Moreover, the space agency is playing a leading role in the Sustainable Computing Consortium (SCC), a group formed in July that includes companies such as FedEx Corp., Pfizer Inc., Microsoft Corp. and Oracle Corp.
The goal is the Holy Grail of software design: software that does what it's intended to do, no matter what. It's called "high dependability," and it means building systems that tolerate hardware faults well, maintain a high level of security in an attack and are always available to the end user.
The research could help not just NASA, but any industry. "There are many, many applications that would benefit greatly from very highly dependable computing, and NASA is among those," said Jan Aikins, chief technologist at the Ames Research Center. Critical applications include those used by financial services and hospitals -- industries that need "applications that can't fail, that don't fail," Aikins said.

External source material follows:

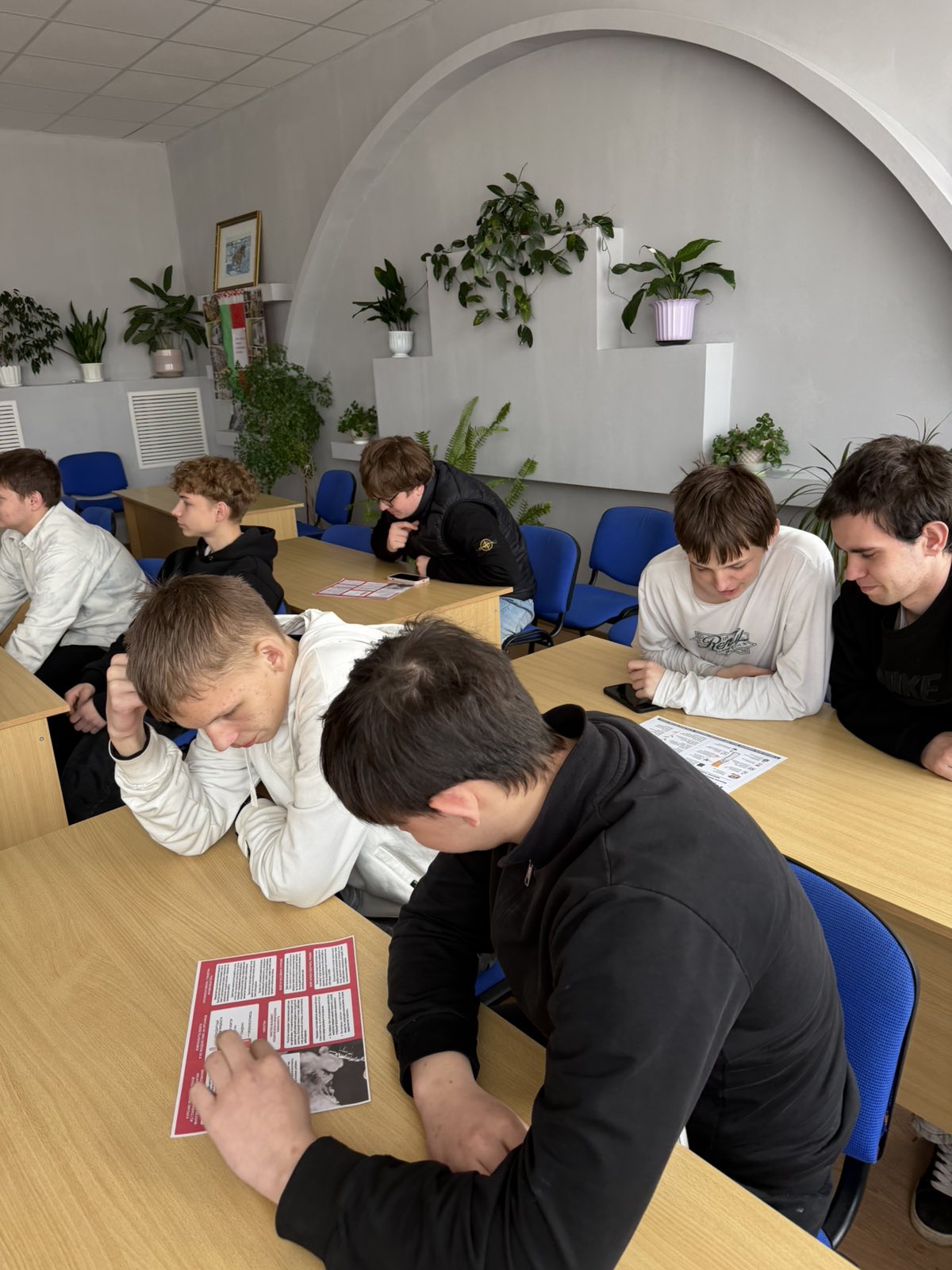 Владислав Денисович Шарафанович представил презентацию по теме встречи, а секретарём ПО БРСМ колледжа были подготовлены и вручены информационные листовки участникам.

But achieving that will take a monumental effort. Among engineered systems, software is unique because there are no systems that provide definitive measures of a system's level of security and dependability. "The central objective is to be able make positive statements about presence or absence of those kinds of attributes in a finished product," said SCC head William Guttman, a professor of economics and technology at Carnegie Mellon.